> **ABOUT THIS EXERCISE**
Transcribe exactly, please, the line bearing "全部开源的,支持代理分销,盗版入库、卡密生成,用户可首页自行输入卡密进行授权" and all later lines through the end of the records, with the pictures left out.

> **INFORMATION**
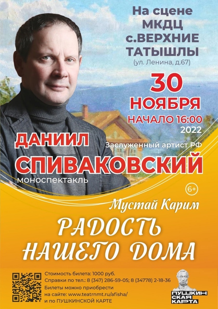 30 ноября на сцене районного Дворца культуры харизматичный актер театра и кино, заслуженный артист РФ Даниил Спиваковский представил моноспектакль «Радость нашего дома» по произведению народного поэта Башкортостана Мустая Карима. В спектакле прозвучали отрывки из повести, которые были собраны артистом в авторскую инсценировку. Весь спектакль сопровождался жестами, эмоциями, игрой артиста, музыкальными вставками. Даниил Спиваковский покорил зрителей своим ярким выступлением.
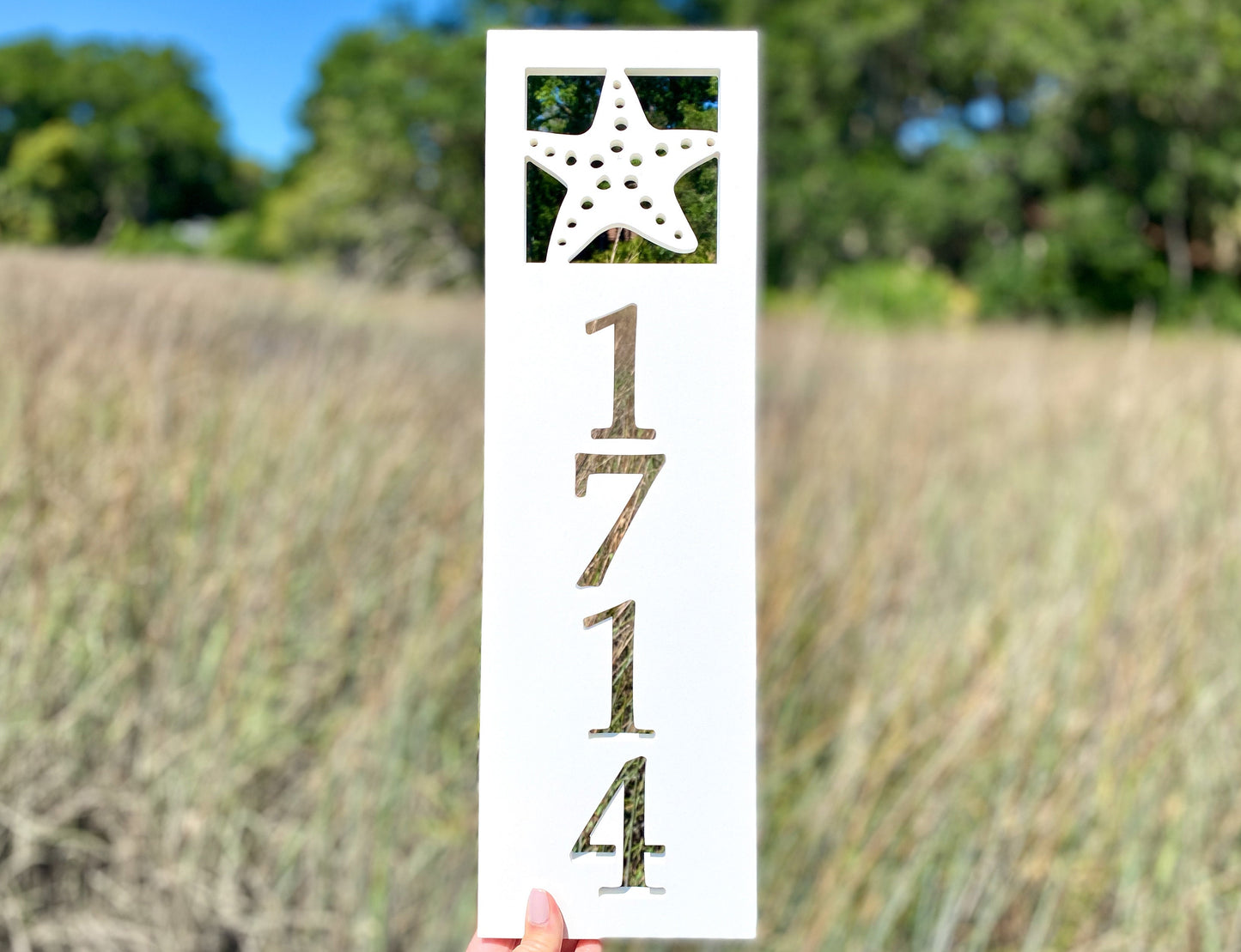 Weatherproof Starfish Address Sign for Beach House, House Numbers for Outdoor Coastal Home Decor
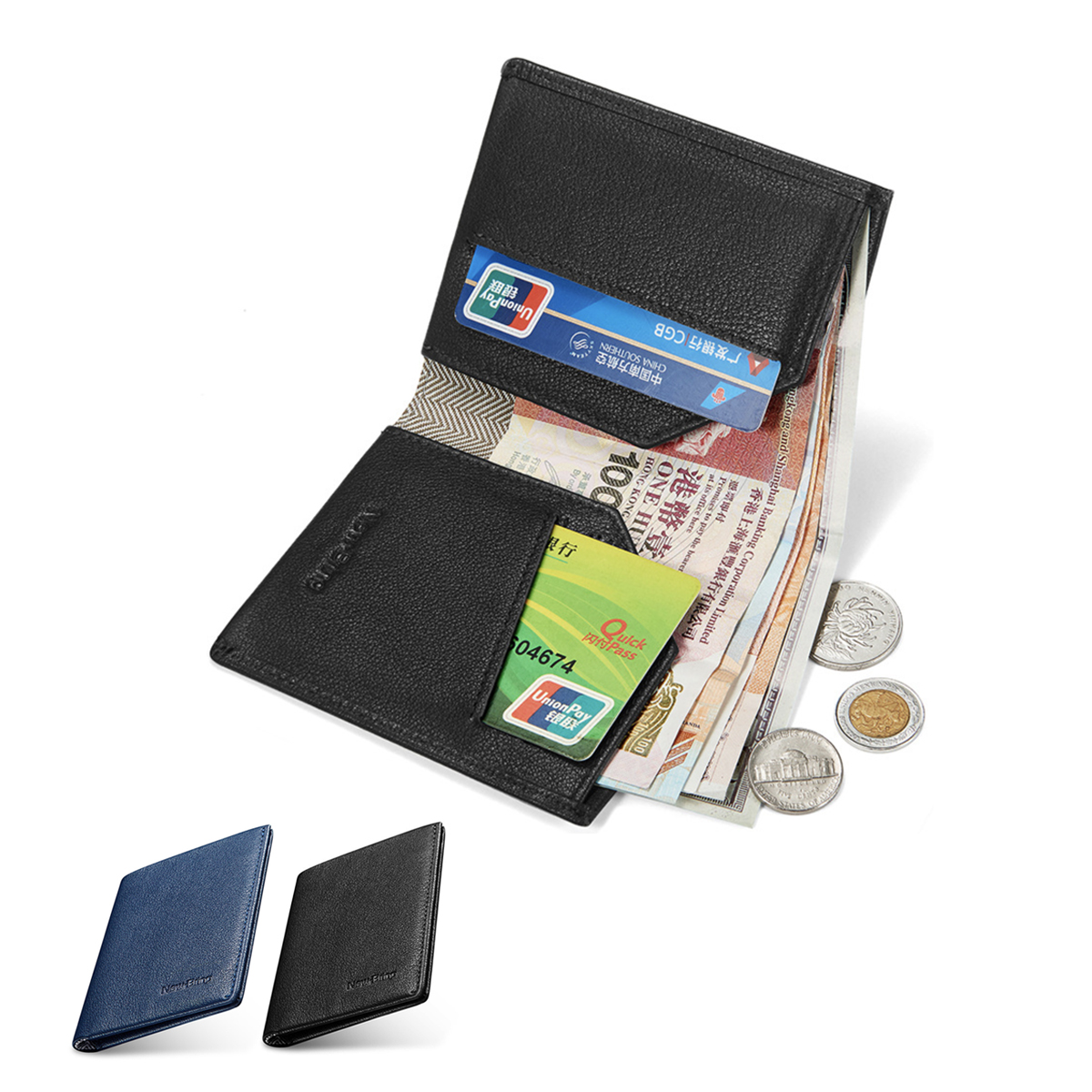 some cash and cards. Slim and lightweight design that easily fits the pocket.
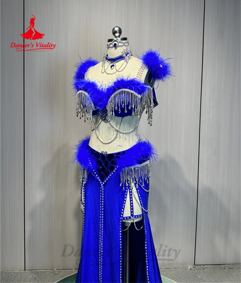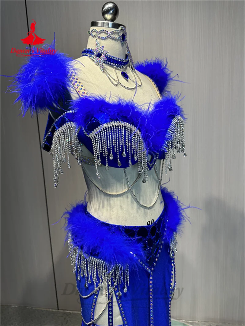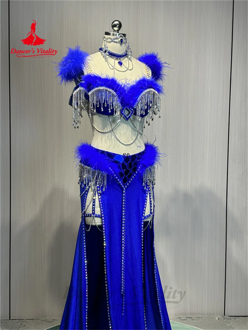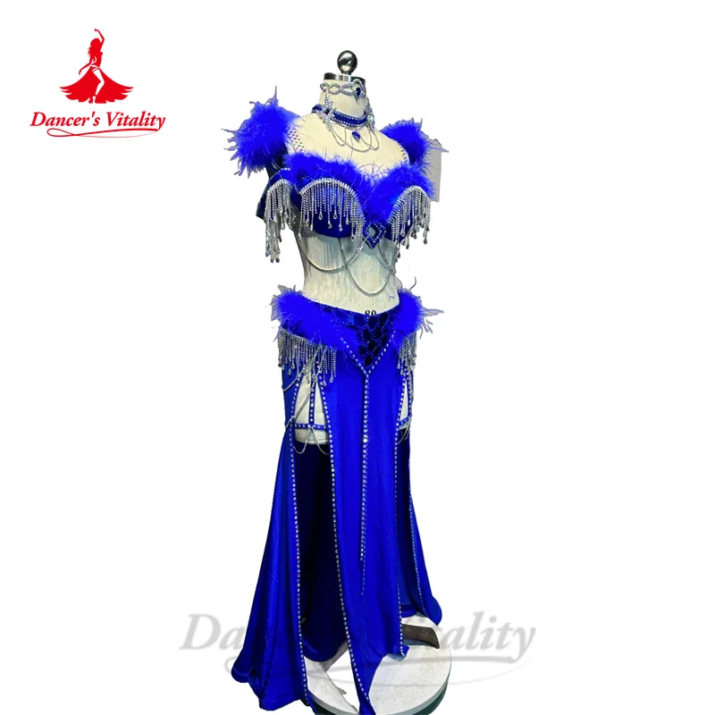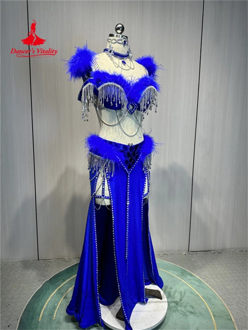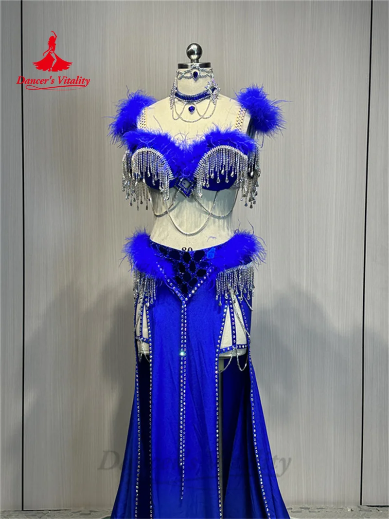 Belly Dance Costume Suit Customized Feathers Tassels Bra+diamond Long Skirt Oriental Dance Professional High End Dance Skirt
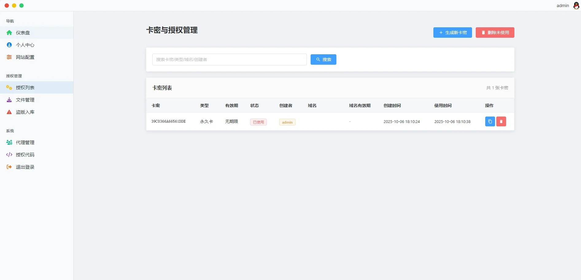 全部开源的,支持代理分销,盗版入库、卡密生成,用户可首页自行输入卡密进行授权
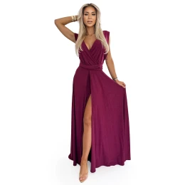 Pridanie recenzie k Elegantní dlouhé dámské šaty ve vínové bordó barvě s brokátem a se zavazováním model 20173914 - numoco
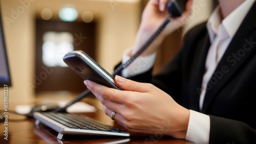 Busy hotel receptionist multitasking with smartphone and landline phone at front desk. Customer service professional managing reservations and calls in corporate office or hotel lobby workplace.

> **RESPONSE**
 全部开源的,支持代理分销,盗版入库、卡密生成,用户可首页自行输入卡密进行授权
 Pridanie recenzie k Elegantní dlouhé dámské šaty ve vínové bordó barvě s brokátem a se zavazováním model 20173914 - numoco
 Busy hotel receptionist multitasking with smartphone and landline phone at front desk. Customer service professional managing reservations and calls in corporate office or hotel lobby workplace.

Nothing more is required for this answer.